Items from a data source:
++++++++
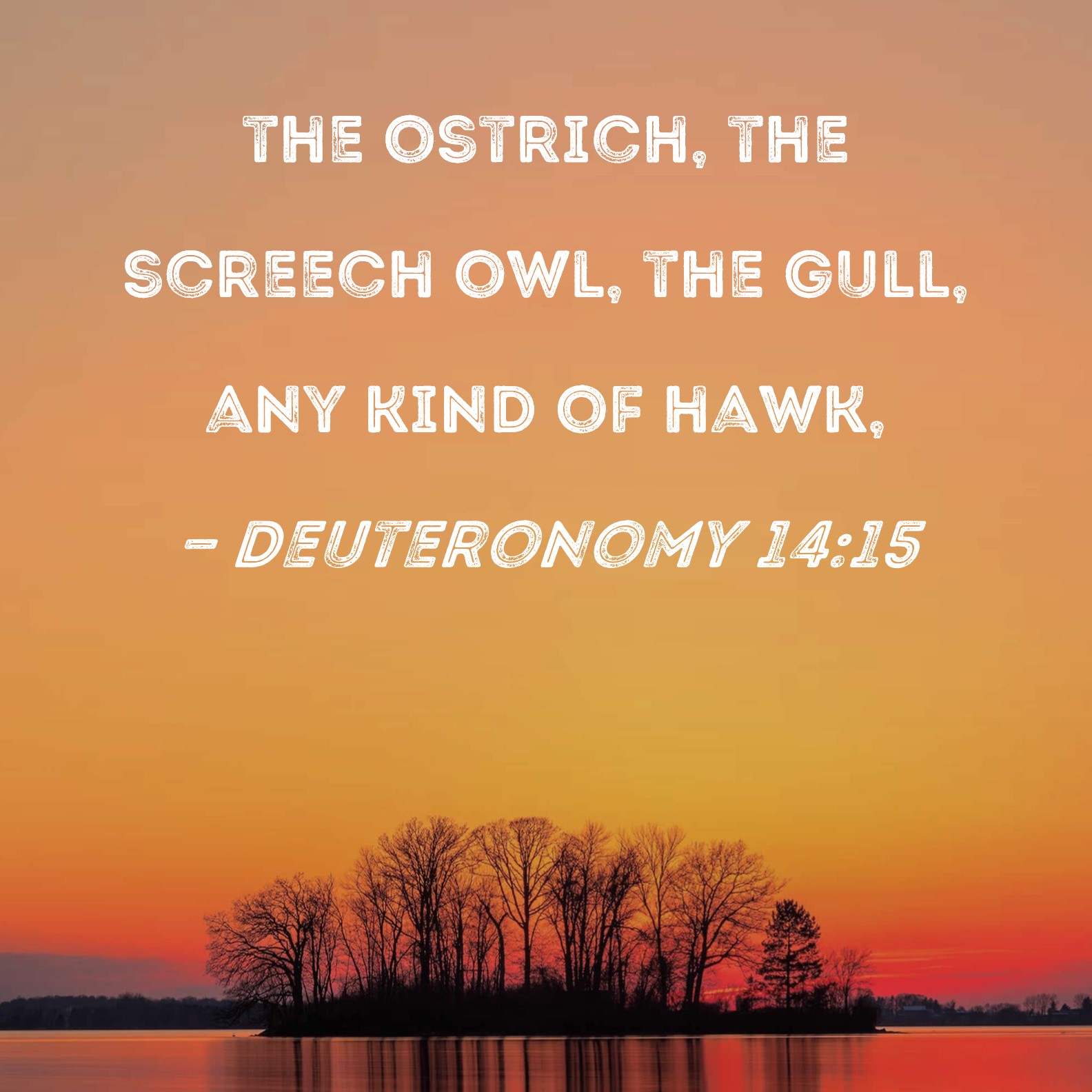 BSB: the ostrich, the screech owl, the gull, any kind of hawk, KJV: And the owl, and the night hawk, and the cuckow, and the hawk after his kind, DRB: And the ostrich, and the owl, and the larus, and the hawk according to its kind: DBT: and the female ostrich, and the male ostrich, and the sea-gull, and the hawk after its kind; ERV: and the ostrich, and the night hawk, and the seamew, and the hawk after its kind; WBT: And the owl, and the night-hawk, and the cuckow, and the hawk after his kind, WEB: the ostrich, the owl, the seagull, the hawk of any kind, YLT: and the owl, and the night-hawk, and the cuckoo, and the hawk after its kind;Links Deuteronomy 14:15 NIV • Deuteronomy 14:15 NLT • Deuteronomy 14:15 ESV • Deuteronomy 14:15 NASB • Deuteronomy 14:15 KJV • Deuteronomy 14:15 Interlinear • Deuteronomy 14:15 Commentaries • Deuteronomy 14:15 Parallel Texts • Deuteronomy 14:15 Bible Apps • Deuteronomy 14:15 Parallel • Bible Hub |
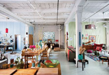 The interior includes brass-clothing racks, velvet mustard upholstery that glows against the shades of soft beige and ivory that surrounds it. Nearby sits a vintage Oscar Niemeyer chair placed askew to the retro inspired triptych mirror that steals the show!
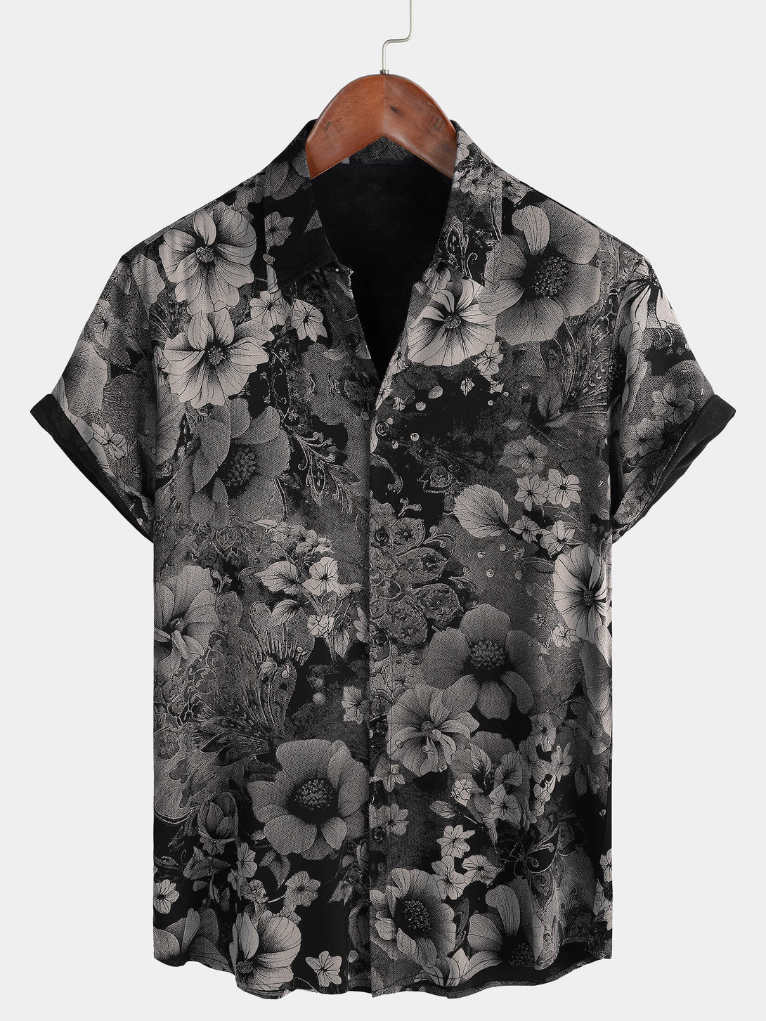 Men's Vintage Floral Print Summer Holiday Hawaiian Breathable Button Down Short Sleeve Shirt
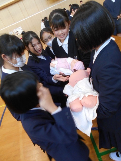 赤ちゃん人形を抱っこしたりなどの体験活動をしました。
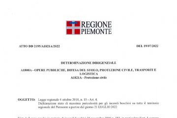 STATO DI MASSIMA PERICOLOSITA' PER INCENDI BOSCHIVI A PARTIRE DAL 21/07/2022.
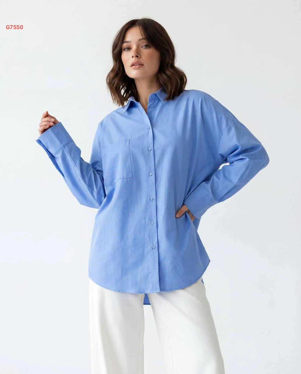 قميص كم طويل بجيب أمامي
++++++++
▸ **Work instructions**: Every line of the data above should be quoted exactly. Omit the pictures.

▸ **Written response**:
 BSB: the ostrich, the screech owl, the gull, any kind of hawk, KJV: And the owl, and the night hawk, and the cuckow, and the hawk after his kind, DRB: And the ostrich, and the owl, and the larus, and the hawk according to its kind: DBT: and the female ostrich, and the male ostrich, and the sea-gull, and the hawk after its kind; ERV: and the ostrich, and the night hawk, and the seamew, and the hawk after its kind; WBT: And the owl, and the night-hawk, and the cuckow, and the hawk after his kind, WEB: the ostrich, the owl, the seagull, the hawk of any kind, YLT: and the owl, and the night-hawk, and the cuckoo, and the hawk after its kind;Links Deuteronomy 14:15 NIV • Deuteronomy 14:15 NLT • Deuteronomy 14:15 ESV • Deuteronomy 14:15 NASB • Deuteronomy 14:15 KJV • Deuteronomy 14:15 Interlinear • Deuteronomy 14:15 Commentaries • Deuteronomy 14:15 Parallel Texts • Deuteronomy 14:15 Bible Apps • Deuteronomy 14:15 Parallel • Bible Hub |
 The interior includes brass-clothing racks, velvet mustard upholstery that glows against the shades of soft beige and ivory that surrounds it. Nearby sits a vintage Oscar Niemeyer chair placed askew to the retro inspired triptych mirror that steals the show!
 Men's Vintage Floral Print Summer Holiday Hawaiian Breathable Button Down Short Sleeve Shirt
 赤ちゃん人形を抱っこしたりなどの体験活動をしました。
 STATO DI MASSIMA PERICOLOSITA' PER INCENDI BOSCHIVI A PARTIRE DAL 21/07/2022.
 قميص كم طويل بجيب أمامي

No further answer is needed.